En el caso del museo, la galería o el circuito de
exhibición, existe un espacio cerrado, previamente privatizado dentro del cual
cualquier cosa que ocurra será vivenciada en términos de arte. Pero tanto las obras ahí contenidas como sus espectadores
parecen sufrir una situación de encierro. Como sugiere la artista alemana Ito
Steyerl en sus obras y ensayos, las instituciones de arte son unidades
penitenciarias. Basta reparar en la cantidad de dispositivos de seguridad,
incluidos policías y guardianes, que custodian los museos. En otras palabras,
en un lugar donde todos los roles están guionados, queda poco margen para la
sorpresa. Por eso el arte se siente incómodo y asume su poder político.
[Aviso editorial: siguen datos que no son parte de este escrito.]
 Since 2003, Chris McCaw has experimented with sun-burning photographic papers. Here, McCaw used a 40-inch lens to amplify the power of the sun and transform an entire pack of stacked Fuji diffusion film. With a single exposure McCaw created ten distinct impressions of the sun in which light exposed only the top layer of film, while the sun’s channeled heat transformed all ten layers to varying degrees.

Para liberar este universo, para “volverlo público” al menos
dentro de sus límites, debe existir una mediación, una habilitación que permita
al artista inscribir su acción dentro de un sub-espacio, que es el espacio de
significación de la “obra”. Según Groys, esa es la función del curador,
encargado de “desprivatizar” el espacio semiótico de la galería, el museo o lo
que fuere, dando permiso al artista para “reprivatizarlo” en nombre de la fuerza
soberana del arte.
En el caso del escrache no hay tal espacio de exhibición. La
calle es un ámbito extraño, territorio en disputa permanente, inestable, que
tensiona un espacio de fronteras móviles en perpetua renegociación. Lo que
instituye el escrache es un campo de
visibilidad –que en el fondo es un campo de batalla político.
En este nuevo espacio ya no hay roles prediseñados; no hay,
por ejemplo, espectadores: en el escrache todxs son activistas. Lo son tanto el individuo o institución
escrachada como quienes ejecutan el escrache; pero también quienes se ven
apelados por esa acción: los transeúntes en tanto repentinos participes de una puesta
en escena que hace visible la actualidad del conflicto.
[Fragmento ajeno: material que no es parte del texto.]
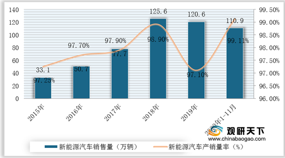 根据资料显示,我国2019年新能源汽车产销分别完成124.2万辆和120.6万辆,同比分别下降2.3%和4.0%。在2020年1-11月,新能源汽车生产完成111.9万辆,同比下降0.1%,降幅比1-10月大幅收窄9.1个百分点;销售完成110.9万辆,同比增长3.9%,增速较1-10月已实现由负转正。

Los escraches responden a la pregunta sobre qué pasa cuando
el artista en lugar de “privatizar” un espacio de visualización, lo “estatiza”,
lo vuelve a convertir en un espacio público. Este gesto, además de una
afirmación soberana, se transforma en una acción emancipadora. La acción
simbólica recupera su actividad política en el horizonte de la memoria y el
sentido social.
Las proyecciones emitidas sobre la Catedral de Buenos Aires
durante la manifestación masiva del 10 de mayo –realizadas en conjunto por los
colectivos artísticos GAC y Proyecciones Nomades[2]-plantearon,
entre muchas otras, estas reflexiones en torno a lo político, a la acción
simbólica y al status del arte en tanto legislador instituyente de un espacio
político. Un espacio, que, al ser político, articula lo simbólico con lo
material. En el caso de los escraches, no hay nada más material que la muerte.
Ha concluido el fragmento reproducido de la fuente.